MISCONCEPTION 2019 HAPPENED!
SO guess who’s back?? I took a break from blogging just because I was really focused on getting this event to work and boy was it hard to turn my dream to a reality but i’d say it went well! Before I get into all the feelings and thoughts that ran through my mind while I was planning and running this event, I really want to thank everyone again for supporting me through this whole thing. This event has taught me A LOT, it taught me who a lot of my real friends were, and showed me the right people who pushed me towards my dreams even when it sounded so small in the beginning. This blog post will consist of three parts, how I felt before, how I felt during the event and finally how I felt after. Let’s get into it…
I was so driven to plan this event. I was talking about it almost everyday, researching all the venues and speakers and it was like I was breathing misconception literally. Planning it wasn’t easy, let me tell you.. I had multiple breakdowns at school when I would find out a speaker wanted to drop out, or a dance crew had other plans, but I had peace.

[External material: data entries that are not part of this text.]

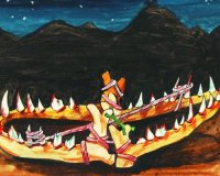 (Továbbmész...) [126,74] Síkság, továbbra is csak síkság. Valahonnan csengő madárdal száll feléd. A feléd lopakodó szörny nem volt elég óvatos, ezért már messziről kiszúrod. A feléd közeledő quwarg királynő mosolyt csal ajkaidra. Nagyot ásítasz, amíg vársz rá. Felkészülsz, hogy minél jobban el tudd kalapálni az agresszort.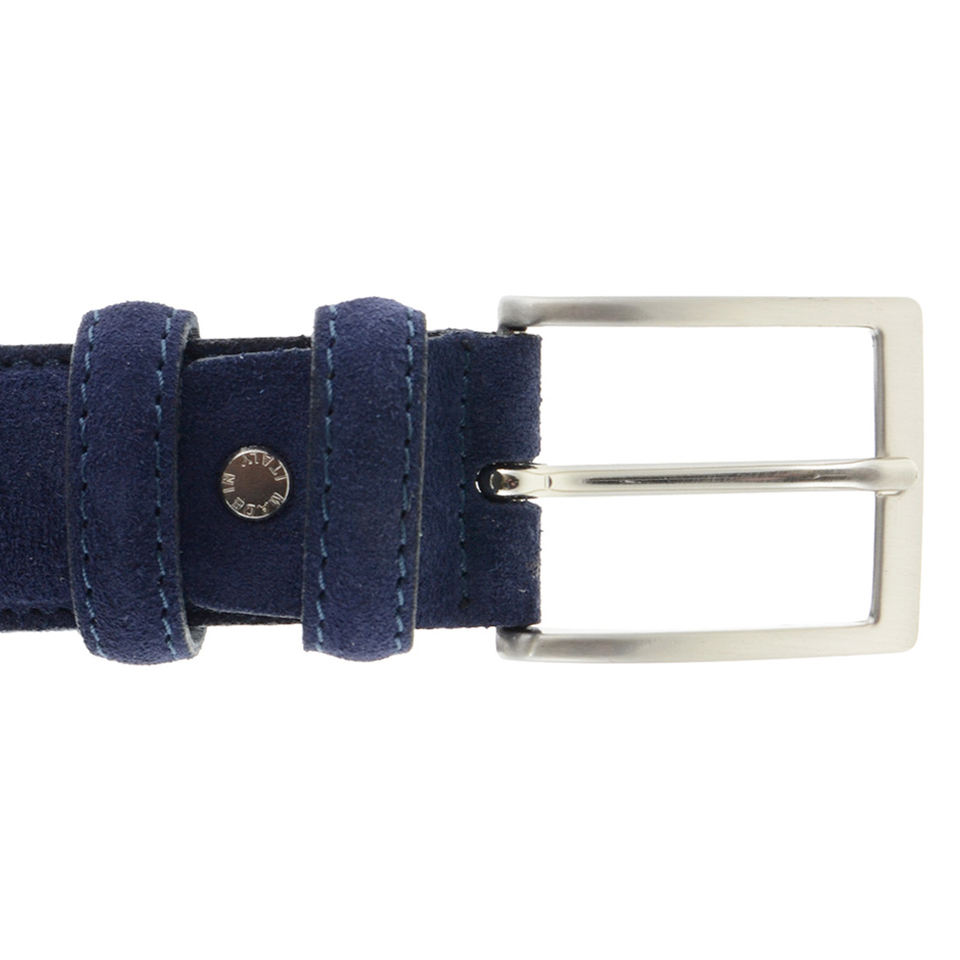 Cinture da uomo di lusso in camoscio blu artigianali di alta qualità del famoso produttore italiano in vendita 6 pezzi in una scatola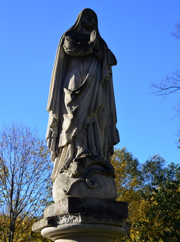 Obok byłej cerkwi św. Paraskewii, a obecnie kościoła rzymskokatolickiego stoi wykonana z piaskowca kolumna Maryjna. Kolumna prawdopodobnie pochodzi z końca XIX wieku tj. z czasów budowy świątyni. Rzeźba Matki Boskiej Niepokalanego Poczęcia stoi na kuli ziemskiej depcząc łeb piekielnego węża trzymającego w szczękach jabłko. Kula ziemska, na której stoi MB ma symboliczne znaczenie. Oznacza bowiem cały świat i wszystkich mieszkających ludzi, a Matka Boża jest królową wszechświata i Matką wszystkich ludzi.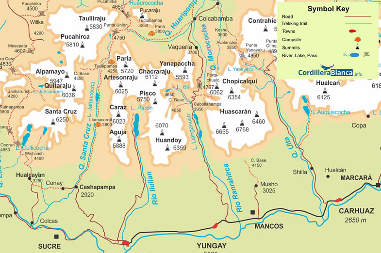 We had researched that is was one of the best-known trekking trails in the Cordillera Blanca and the Andes of Peru, and is located in the northern part of the Cordillera Blanca. The circuit includes the route of three valleys: Santa Cruz, Huaripampa and Llanganuco. The Santa Cruz Trek crosses two passes above 4700m, during the trek always observing snow-covered peaks exceeding 5000m, such as: Huascarán, Huandoy, Alpamayo (south face ), Tocllaraju, etc.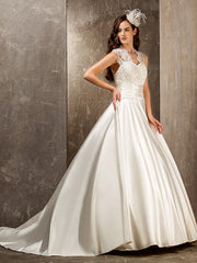A-Line Wedding Dresses Queen Anne Lace Satin Sleeveless See-Through with Sash Ribbon Beading Appliques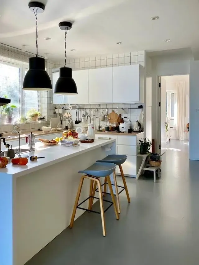 餐厅的采光也非常的好,打造了开放式厨房,特地打造了卡座,方便好友聚会。虽然厨房东西多,但是每处都打理得非常整洁。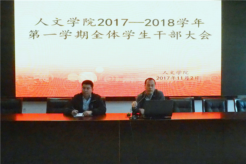 为迎接学校本科教学工作审核评估预评估工作,提高教学水平,以评促建,以评促改,以评促管,人ylzzcom永利于11月2日中午在贺兰山校区文荟楼东侧报告厅举行了2017-2018学年第一学期全体学生干部大会。人ylzzcom永利党委副书记马小军,团委书记、学生工作办公室主任刘杰出席了此次大会,学院2015级、2016级、2017级全体学生干部及团委学生会全体成员参加了本次大会。
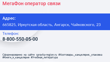 МегаФон, оператор связи по адресу 665825, Иркутская область, Ангарск, Чайковского, 23 в дальнейшем Организация, размещена в следующих категориях: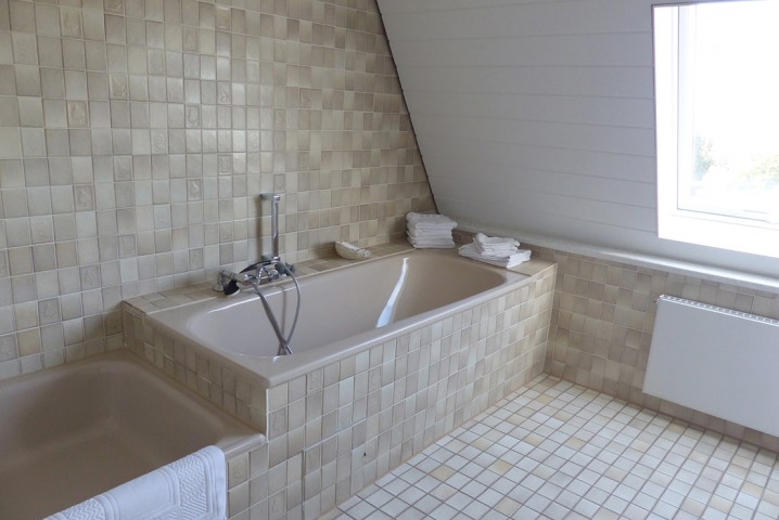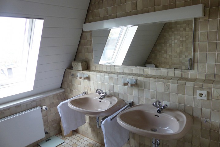 Das Tageslicht-Bad ist mit Wanne und Dusche ausgestattet und verfügt über einen Doppel-Waschplatz. Das vom Bad getrennt installierte WC komplettiert die Sanitär-Anlagen.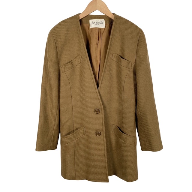 【中古】ジュンアシダ jun ashida ノーカラージャケット ウール100% 長袖 ブラウン 茶色 6 レディース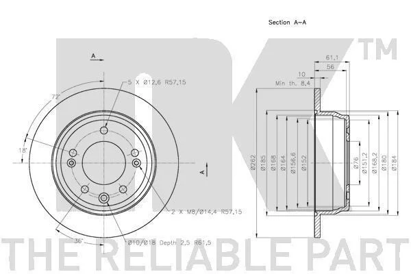 Диск гальмівний невентильований NK 313527 (584111H300, 584111H100)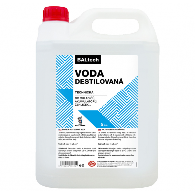 Destilovaná voda je určena pro technické účely např. do chladičů a akumulátoru aut, do napařovacích žehliček a zvlhčovačů vzduchu, fotografickou praxi. Vodivost max. 15 µ S.cm-1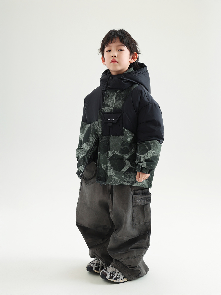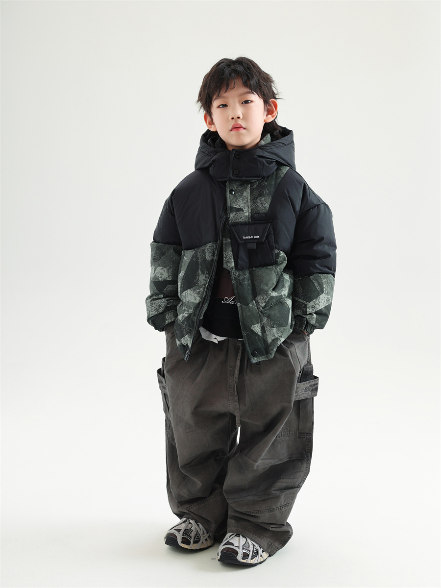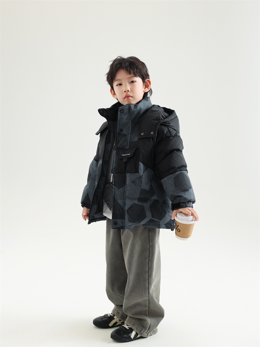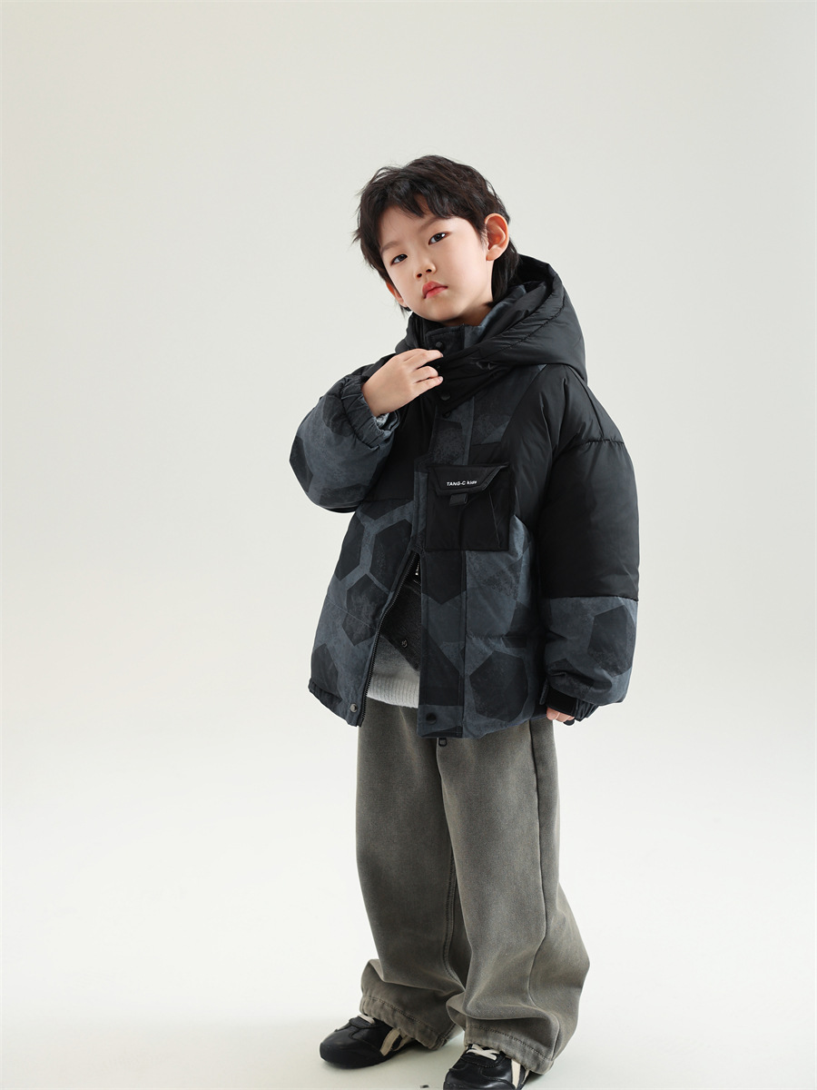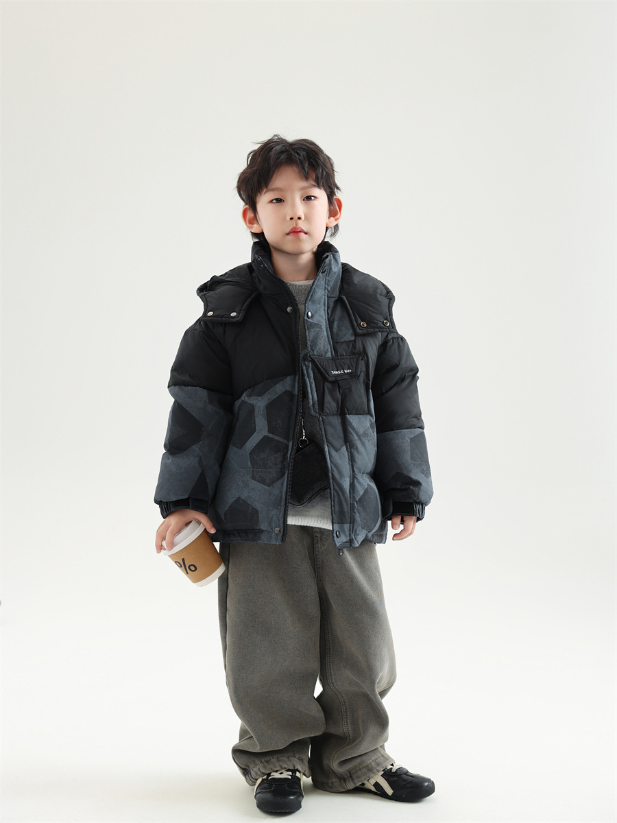 면소재 겨울 중간 길이 화이트 덕다운 남아용 겨울 한국 스타일 2025 신상 따뜻한 스키복 다운 재킷스토어 가기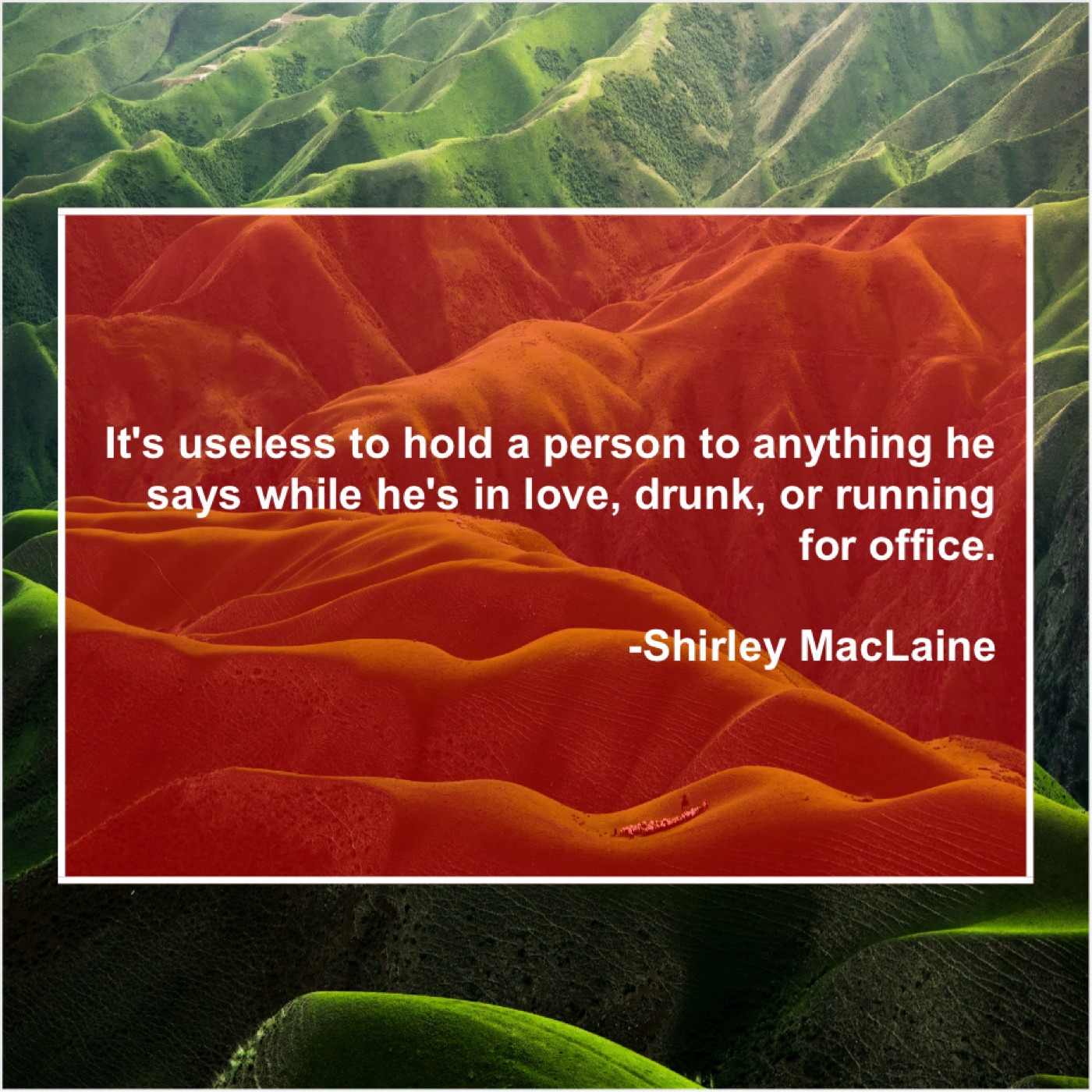 Shirley MacLaine Shirley MacLaine – It’s useless to hold a… April 16, 2019 admin “It’s useless to hold a person to anything he says while he’s in love, drunk, or running for office.”-Shirley MacLaine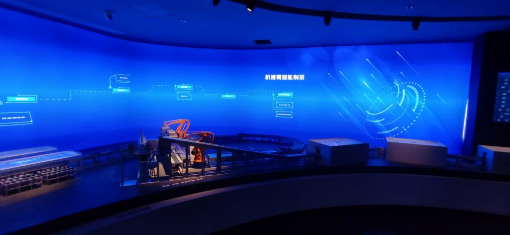 接着,团队跟随讲解员一同参观了青砖茶未来实际展示馆。全馆以青砖茶为展示核心,以“大势已至,未来已来”为主题,以极具文化冲击力和传播价值的八大“最”为内容支点打造集文化体验、品牌传播产业认知、产品品鉴于一体的赤壁青砖茶核心场域,展示了古老的青砖茶如何推动文旅融合、茶旅融合。同时,新时代,未来种植、未来制造、大数据驾驶舱,用现代科技的方式展示了青砖茶如何科学种植、数字种植及智能化生产上的探索。

The two things that got me through planning was an overload of peace and passion. If I wasn’t passionate about the event I was putting on and the reason I wanted to plan it in the first place, it definitely wouldn’t have happened. I probably would’ve quit sometime back in December and left it as an idea that blossomed in my mind. A month before the event happened, I got an overwhelming sense of fear that it wouldn’t pull through that I almost had the whole thing cancelled but with the encouragement of my Dad and my friends I kept on going.
During the event, I don’t think I could’ve ever been happier. I had a lot of nerves the day of the event because all eyes were on me and I had a lot of wow Stella i’m so proud of you moments and I didn’t want it to sink in my head that I was really doing what I was doing in that moment. I really enjoyed seeing my family and best-friends come out to support me and the day was honestly better than I ever imagined. I had a mentality not to keep my hopes up incase it all failed, but on the day of misconception, everything went off the charts. It was like I was in my own world the whole time and I loved every second of it.
After the event was over and I finally said the words, “ thank you so much for coming and that’s it!” It was like a flow of adrenaline flew out through my body and a sense of peace just came down on me. I thought to myself, YOU DID THAT, YOU HAD A DREAM AND YOU DID IT AND IT WORKED. It was the best feeling ever like I don’t think there are words to describe how I honestly felt in that moment. I thought it honestly be selfish to feel that way but I had to realize its okay to be proud of myself for something I have accomplished and that doesn’t mean i’m not “humble”.
Moving forward I just wan’t to make sure my work doesn’t stop here, the planning for Misconception 2020 is already in the works and hopefully my social media platform will be up soon!!
Love you guys so much.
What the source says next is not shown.